Доброкачественные сосудистые опухоли слизистой оболочки полости носа и придаточных пазух составляют 10% всех гемангиом области «голова—шея» и 25% всех неэпителиальных опухолей данной области, являясь самыми частыми среди неэпителиальных опухолей и занимая второе место вслед за эпителиальными новообразованиями [2]. В структуре же всех доброкачественных опухолей указанных зон их доля равна 7% [3].
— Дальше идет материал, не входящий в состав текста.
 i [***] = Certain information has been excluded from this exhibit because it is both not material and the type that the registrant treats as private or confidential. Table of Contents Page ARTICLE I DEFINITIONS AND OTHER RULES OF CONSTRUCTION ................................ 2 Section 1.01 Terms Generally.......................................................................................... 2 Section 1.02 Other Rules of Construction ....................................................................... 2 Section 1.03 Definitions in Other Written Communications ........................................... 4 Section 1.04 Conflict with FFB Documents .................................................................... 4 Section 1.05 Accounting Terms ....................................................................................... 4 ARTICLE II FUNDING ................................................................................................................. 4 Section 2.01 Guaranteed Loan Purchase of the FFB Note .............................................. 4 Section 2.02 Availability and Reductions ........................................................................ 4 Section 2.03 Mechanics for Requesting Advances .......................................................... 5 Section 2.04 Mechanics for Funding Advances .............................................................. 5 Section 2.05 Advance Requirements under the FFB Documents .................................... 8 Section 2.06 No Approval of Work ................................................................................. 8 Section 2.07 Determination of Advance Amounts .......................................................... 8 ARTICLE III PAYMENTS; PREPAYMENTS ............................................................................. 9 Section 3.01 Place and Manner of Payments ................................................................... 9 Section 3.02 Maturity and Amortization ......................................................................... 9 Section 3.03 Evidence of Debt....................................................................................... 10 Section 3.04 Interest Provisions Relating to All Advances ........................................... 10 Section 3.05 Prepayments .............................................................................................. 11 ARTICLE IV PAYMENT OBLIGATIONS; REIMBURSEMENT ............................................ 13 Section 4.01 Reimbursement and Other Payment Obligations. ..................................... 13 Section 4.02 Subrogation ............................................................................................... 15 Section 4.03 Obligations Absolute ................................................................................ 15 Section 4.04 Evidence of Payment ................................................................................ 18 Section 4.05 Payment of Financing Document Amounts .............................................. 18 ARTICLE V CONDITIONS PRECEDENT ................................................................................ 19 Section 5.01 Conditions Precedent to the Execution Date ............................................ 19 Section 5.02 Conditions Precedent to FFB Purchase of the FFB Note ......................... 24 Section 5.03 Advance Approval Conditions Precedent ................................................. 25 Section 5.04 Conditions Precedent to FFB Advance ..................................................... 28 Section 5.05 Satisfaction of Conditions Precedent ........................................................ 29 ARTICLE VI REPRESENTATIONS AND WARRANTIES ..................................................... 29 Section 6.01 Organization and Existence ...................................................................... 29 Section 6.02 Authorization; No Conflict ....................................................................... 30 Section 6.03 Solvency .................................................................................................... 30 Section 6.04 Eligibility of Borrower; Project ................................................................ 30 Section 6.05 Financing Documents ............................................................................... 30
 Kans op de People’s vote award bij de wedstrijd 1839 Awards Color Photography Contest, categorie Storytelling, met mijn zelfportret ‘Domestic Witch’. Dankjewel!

Излюбленные места локализации сосудистых новообразований — кожа и слизистые оболочки. По сравнению со своими аналогами иных локализаций синоназальные гемангиомы имеют ряд морфологических признаков, обусловливающих их клиническое течение, терапию и прогноз. Это связано с особенностями васкуляризации слизистой оболочки верхних отделов дыхательного тракта, которая выполняет многочисленные функциональные задачи [4]. Васкуляризация слизистой оболочки носа отличается неравномерностью: имеются такие гиперваскулярные участки, как зона Киссельбаха (передненижний отдел носовой перегородки) и зона Литтля (область соединения хрящевой и костной частей носовой перегородки). Гиперваскулярность этих зон может сочетаться с неправильным строением сосудов в виде тонкостенных синусоидов либо кавернозных образований с мышечной стенкой, иметь разную степень выраженности, вплоть до картины определенной мальформации. Кроме того, в данных зонах при повышенном кровенаполнении местных кавернозных сосудов образуется полиповидное выбухание слизистой оболочки на широком основании — так называемое набухающее тело носовой перегородки (от англ. septal swell body). Некоторые исследователи считают это набухающее тело аналогом кавернозных тел носовых раковин, локализованным на перегородке носа [5]. Оно затрудняет носовое дыхание и требует хирургической коррекции. Нередко повреждения сосудов зоны Киссельбаха—Литтля становятся причиной повторяющихся носовых кровотечений. Данная область является также местом наиболее частой локализации сосудистых новообразований.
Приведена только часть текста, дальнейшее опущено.